++++ AVAILABLE RECORDS
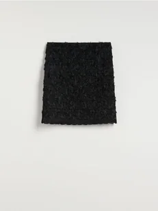 Krótka spódnica o dopasowanym kroju, wykonana z tkaniny.
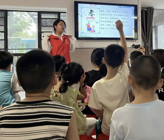 陈博宇首先使用了让小朋友们易于理解的语言讲述了孝文化的核心:“敬老爱老,幼敬长、下尊上,晚辈尊敬老人,子女孝敬父母,爱护、照顾、赡养老人,让老人们享受天伦之乐。”通过陈博宇的讲述,小朋友们对孝文化的有了全新的认识。
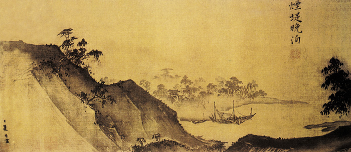 夏圭,字禹玉,钱塘人, 生卒年不详, 略晚于马远, 为南宋宁宗时画院待诏, 擅画山水、人物。《图绘宝鉴》评他:“院人中画山水, 自李唐以下无出其右者也。”为南宋四大家之一。《山水十二景图》为夏氏山水十二景中残存四景中的一部分, 从画面右起分别署有“渔笛清幽”、“烟堤晚泊”二题。图卷从右端出现的是平溪汀渚、湖水荡漾, 渔舟出没。然后是浅滩湖岸、巨石峭壁, 绿树成荫。此画山石用斧劈皴, 先用水笔皴擦, 然后落墨, 具有水墨交融、淋漓酣畅的效果。 |
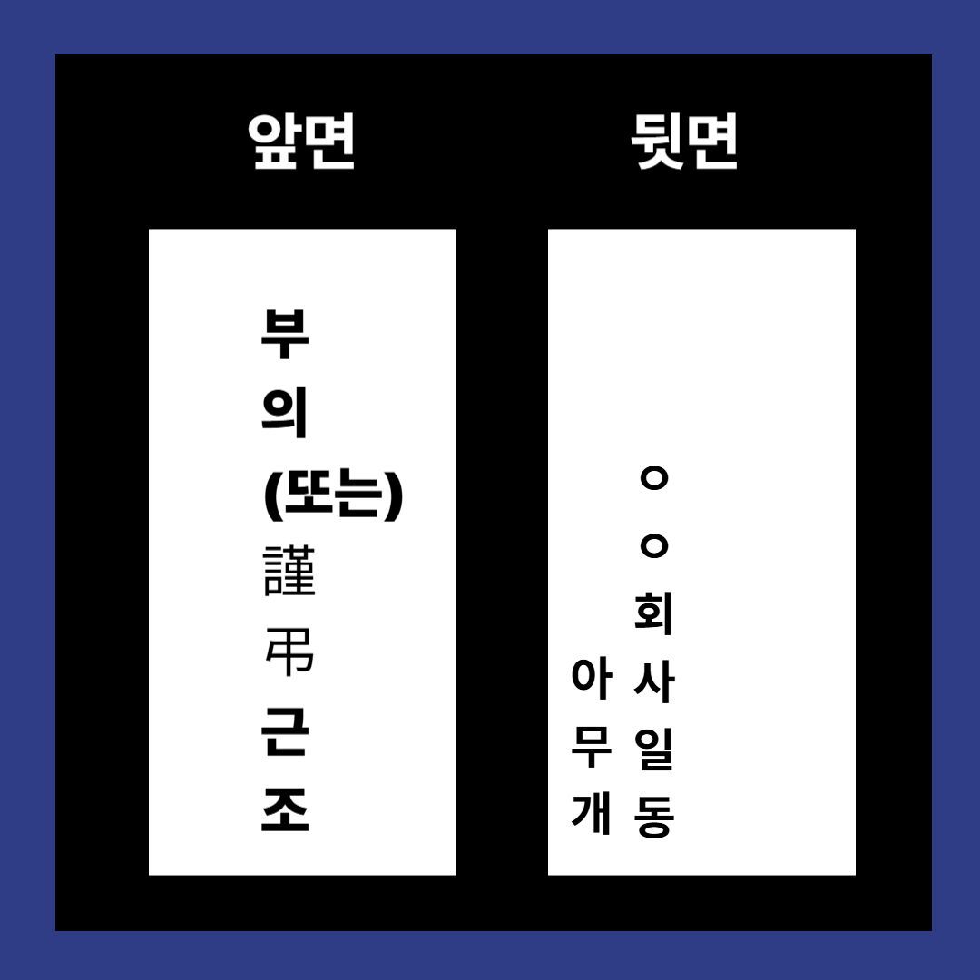 | 구분 | 앞면 문구 | 뒷면(또는 좌측) 이름 표기 |
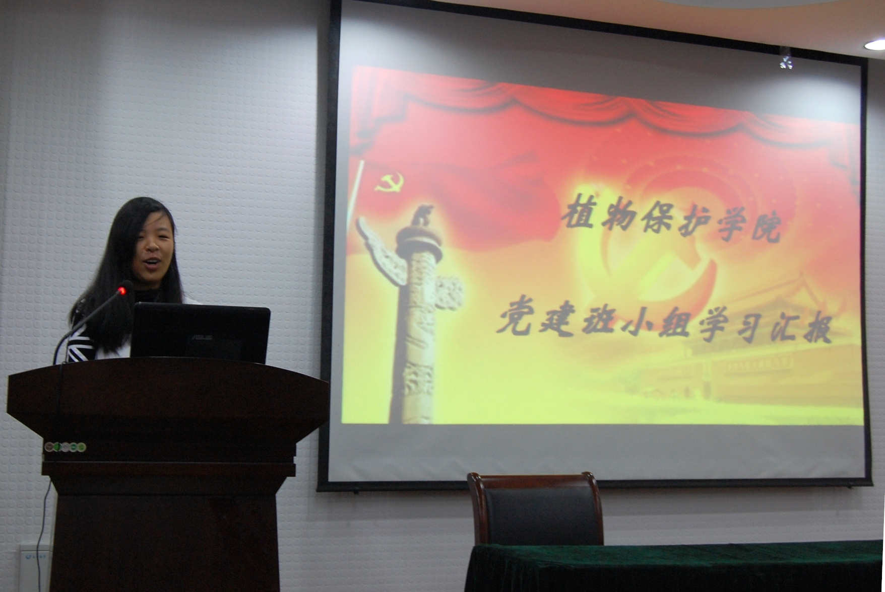 11月7日晚,植保院初级党建班全体学员在理科楼C303顺利完成党章、党史和入党动机的PPT学习汇报,并同时进行PPT制作大赛初赛。院学生会主席刘聪超,组织部部长冯梅,科协技术部副部张洋担任评委,汇报由组织部副部张伊杰主持。
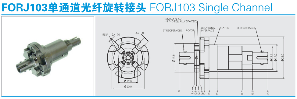 FORJ103光纖旋轉(zhuǎn)接頭用于單模或多模系統(tǒng)的光電旋轉(zhuǎn)連接;完全的雙向旋轉(zhuǎn);與現(xiàn)有的電氣滑環(huán)設(shè)計(jì)相融合;全封閉結(jié)構(gòu);能為客戶(hù)量身定制所需要的光纖滑環(huán)
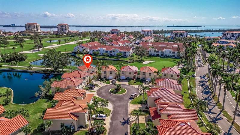 Under contract-accepting backup offers. Welcome to Mirada, a rarely available, turn-key move in ready villa with furnishings optional in the heart of Isla Del Sol community & golf course! This standalone 3 bedroom, 2 & 1/2 bathroom residence offers the largest available layout with the most interior with a spacious attached two-car garage, focusing on privacy and space of a home with the ease of maintenance-free living. Whether you're looking for full time residency, second home, or investment property- enjoy total peace of mind. Everything is taken care of so you can fully embrace the true Florida lifestyle. As you enter, you'll be greeted by a bright and open floor plan with soaring ceilings in the spacious living room with updated windows providing an abundance of natural light. Convenient double sliding door with access to the spacious outdoor patio, perfect for entertaining, catching the morning sun, or grilling with a serene water pond and golf course backdrop. The dining room seamlessly connects the living space and kitchen, designed for efficiency, featuring plenty of storage, breakfast bar seating, updated appliances, and more water pond and golf course views. The main level also includes a convenient powder room and direct access to your attached private oversized two-car garage, which includes a mini workshop and storage along with a laundry area with full size washer and dryer. Upstairs, all three bedrooms provide comfort and privacy. The spacious primary suite is a true retreat, offering breathtaking views of the beautifully lit pond along with enchanting bird watching opportunities. It features a large closet and an ensuite bath with double vanities and a soaking tub with shower combination. The two additional bedrooms are perfect for guests or family, featuring ample closet space and large windows that bring in natural light. A second full bathroom features a stand up shower with seating conveniently serving the guest rooms. Tucked away in a quiet cul-de-sac, this home offers extra privacy and plenty of additional parking in the extended driveway. Beyond your front door and just a short walk away you’ll find the resort style heated pool & spa, and clubhouse. Isla Del Sol's lush tropical landscaping and resort-style ambiance of the highly sought after Isla Del Sol Country Club, pickleball, tennis, golf, and a vibrant social scene. Small pets are welcomed in the community. Perfectly situated just a bike ride from world-famous beaches, 10min drive to downtown St. Pete, and 40 mins to Tampa International Airport, and local major sporting venues.
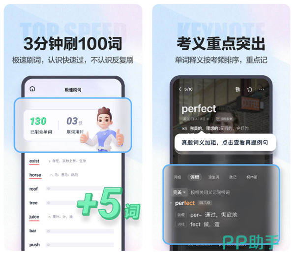 带有大量的题库和丰富的学习场景模式,软件开创性地加入了真人领读模式,通过不同的例句帮助我们理解单词的意思和常见用法,更是通过加入权威的词典方便我们进行查询。利用了速记卡、图文结合等方式提供快速记忆途径,配套的刷词练习进一步巩固加深,是一款不可多得的背单词神器。
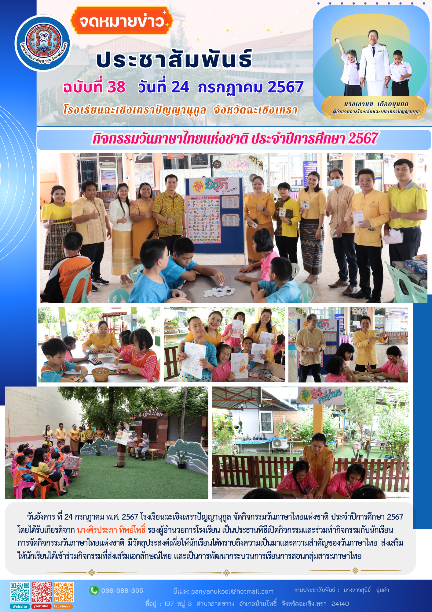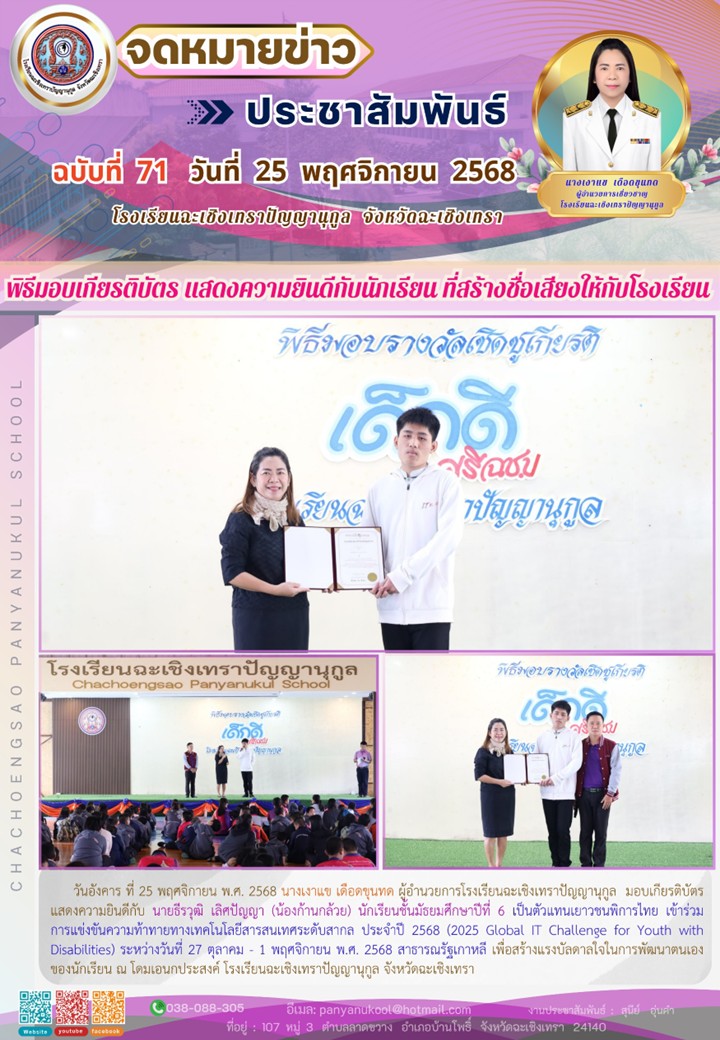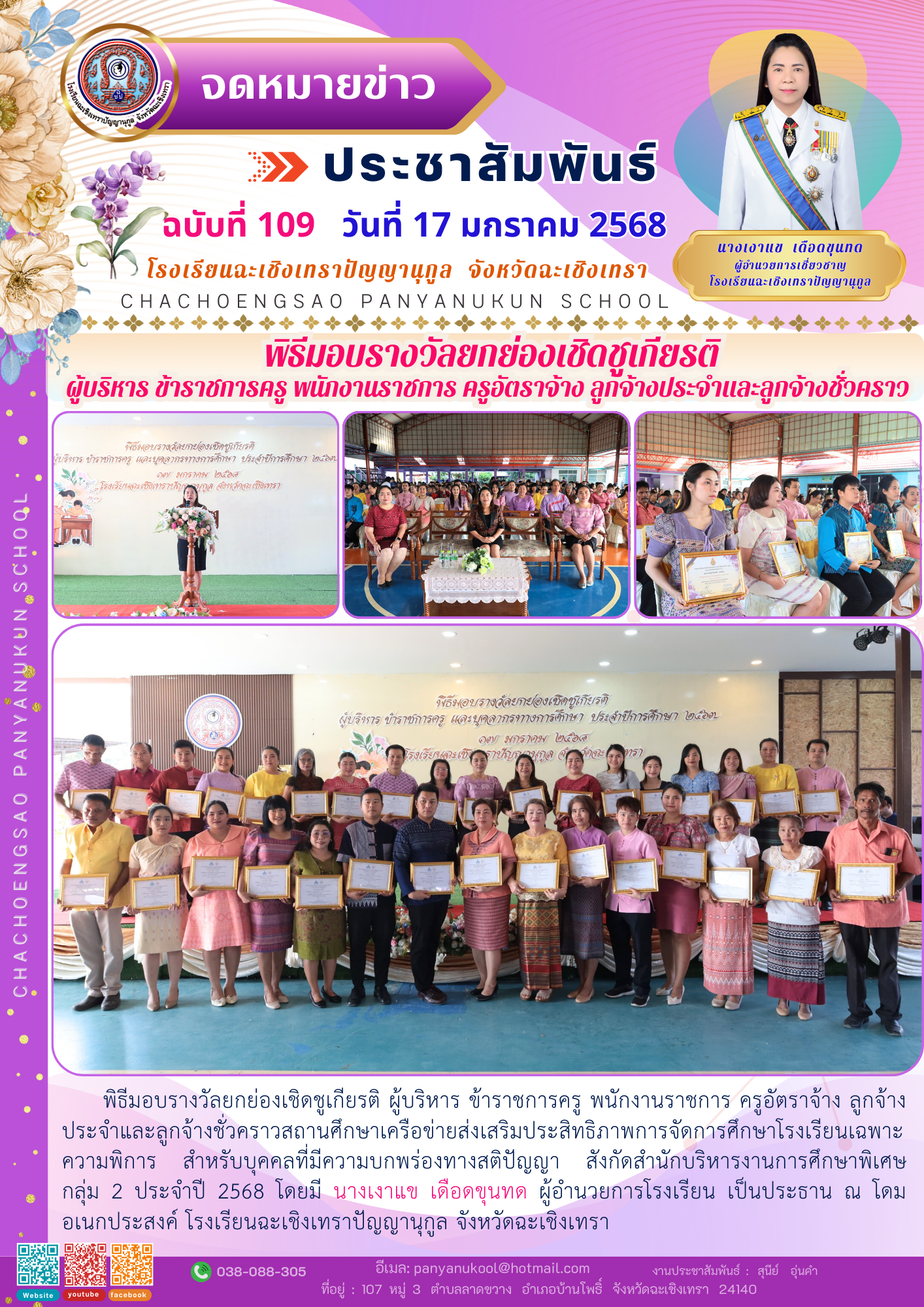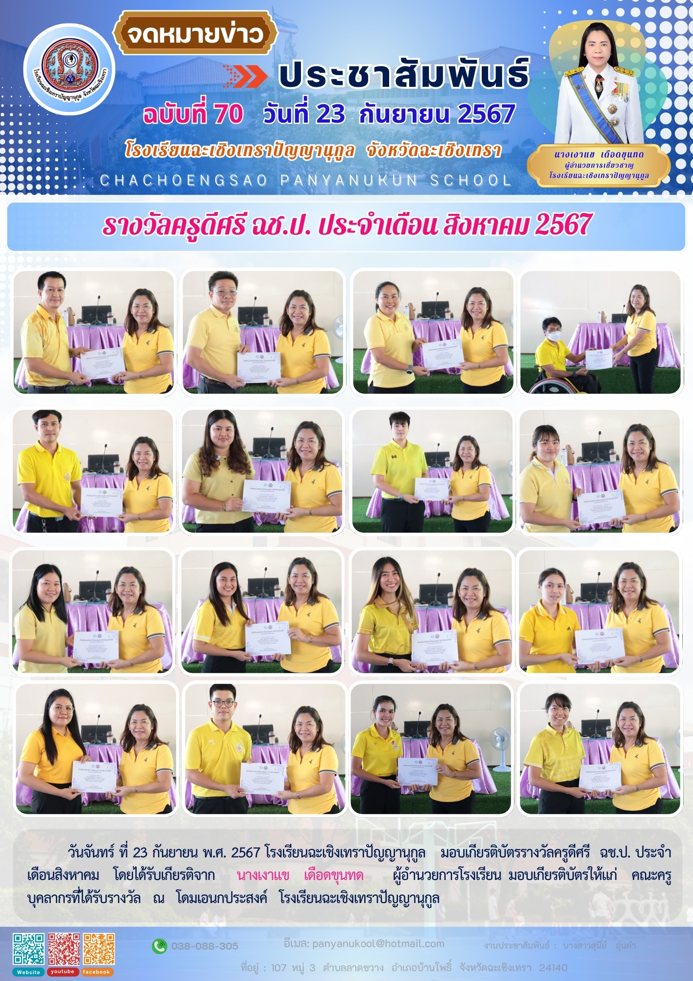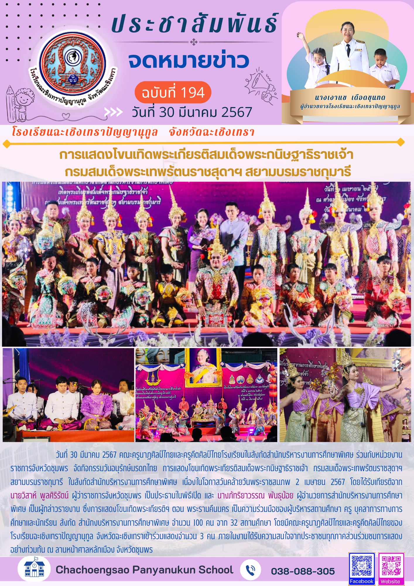 โรงเรียนฉะเชิงเทราปัญญานุกูล จังหวัดฉะเชิงเทรา ได้รับการคัดเลือกจากกระทรวงศึกษาธิการ
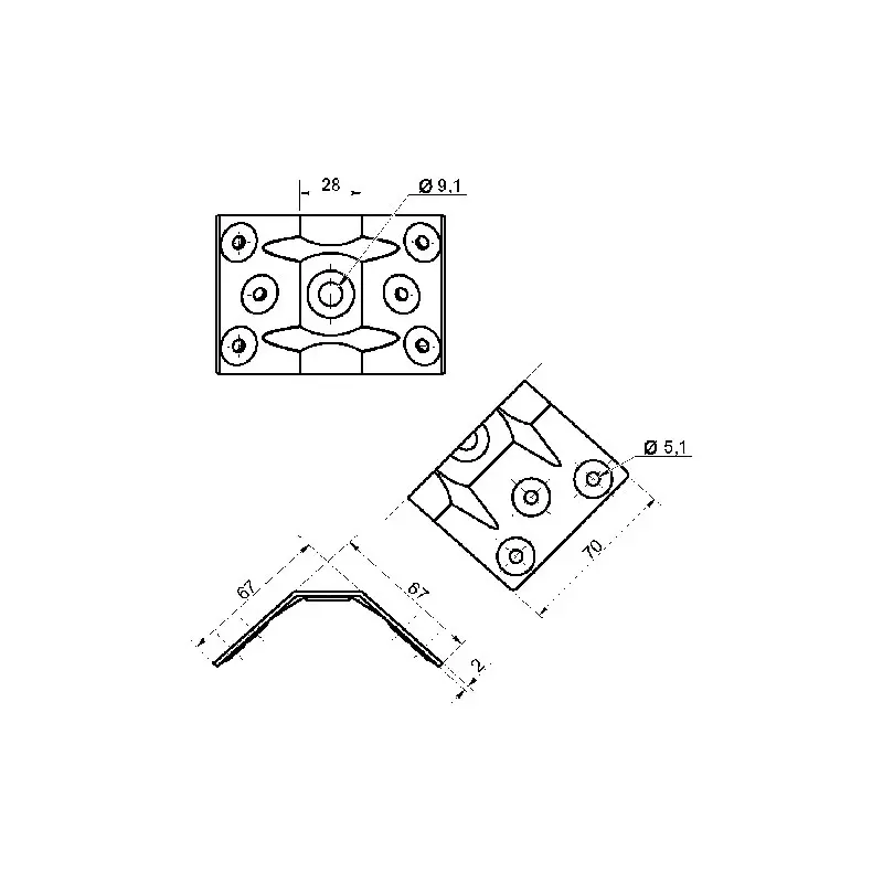 FERRURE DE TABLE 2 TROUS AVEC RETOURS – 252B125 – LUDMANN
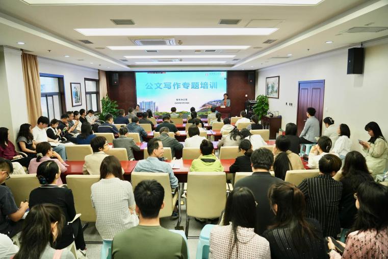 院长办公室主任张真妮作培训总结。她希望参会人员提高政治站位,始终坚持正确政治方向,精准把握行业政策导向和时代发展脉搏,自觉站在领导视角和全局高度谋划文章布局;要加强学习实践,善于收集、归纳和学习各类素材,勤加练习、苦练内功、精心推敲,在反复打磨中提升文字的逻辑性与表达力;要锤炼务实作风,严把政治关、政策关、文字关,以笔力增才干、以文风转作风,做到踏实肯写、勤奋多写,努力成长为公文写作领域的行家里手。
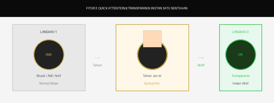 Tiga langkah menggunakan Quick Attention Sony WF-1000XM6: dari mode musik normal, cukup tahan jari pada earbud kiri selama satu detik, dan mode transparansi instan aktif tanpa perlu melepas earbuds atau mencari tombol.
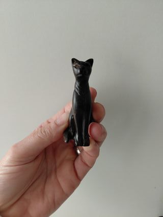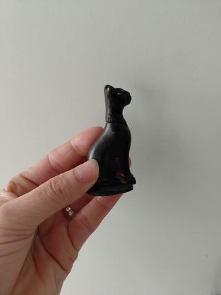 Pequeña estatuilla de la diosa egipcia Bastet. - Diseño detallado. - Acabado oscuro.
++++++++
**DESCRIPTION OF THE TASK:**
Begin at the first line of the records. Print every line through the one containing "FORJ103光纖旋轉(zh" exactly, but skip the pictures.

**WRITTEN RESPONSE:**
 Krótka spódnica o dopasowanym kroju, wykonana z tkaniny.
 陈博宇首先使用了让小朋友们易于理解的语言讲述了孝文化的核心:“敬老爱老,幼敬长、下尊上,晚辈尊敬老人,子女孝敬父母,爱护、照顾、赡养老人,让老人们享受天伦之乐。”通过陈博宇的讲述,小朋友们对孝文化的有了全新的认识。
 夏圭,字禹玉,钱塘人, 生卒年不详, 略晚于马远, 为南宋宁宗时画院待诏, 擅画山水、人物。《图绘宝鉴》评他:“院人中画山水, 自李唐以下无出其右者也。”为南宋四大家之一。《山水十二景图》为夏氏山水十二景中残存四景中的一部分, 从画面右起分别署有“渔笛清幽”、“烟堤晚泊”二题。图卷从右端出现的是平溪汀渚、湖水荡漾, 渔舟出没。然后是浅滩湖岸、巨石峭壁, 绿树成荫。此画山石用斧劈皴, 先用水笔皴擦, 然后落墨, 具有水墨交融、淋漓酣畅的效果。 |
 | 구분 | 앞면 문구 | 뒷면(또는 좌측) 이름 표기 |
 11月7日晚,植保院初级党建班全体学员在理科楼C303顺利完成党章、党史和入党动机的PPT学习汇报,并同时进行PPT制作大赛初赛。院学生会主席刘聪超,组织部部长冯梅,科协技术部副部张洋担任评委,汇报由组织部副部张伊杰主持。
 FORJ103光纖旋轉(zhuǎn)接頭用于單模或多模系統(tǒng)的光電旋轉(zhuǎn)連接;完全的雙向旋轉(zhuǎn);與現(xiàn)有的電氣滑環(huán)設(shè)計(jì)相融合;全封閉結(jié)構(gòu);能為客戶(hù)量身定制所需要的光纖滑環(huán)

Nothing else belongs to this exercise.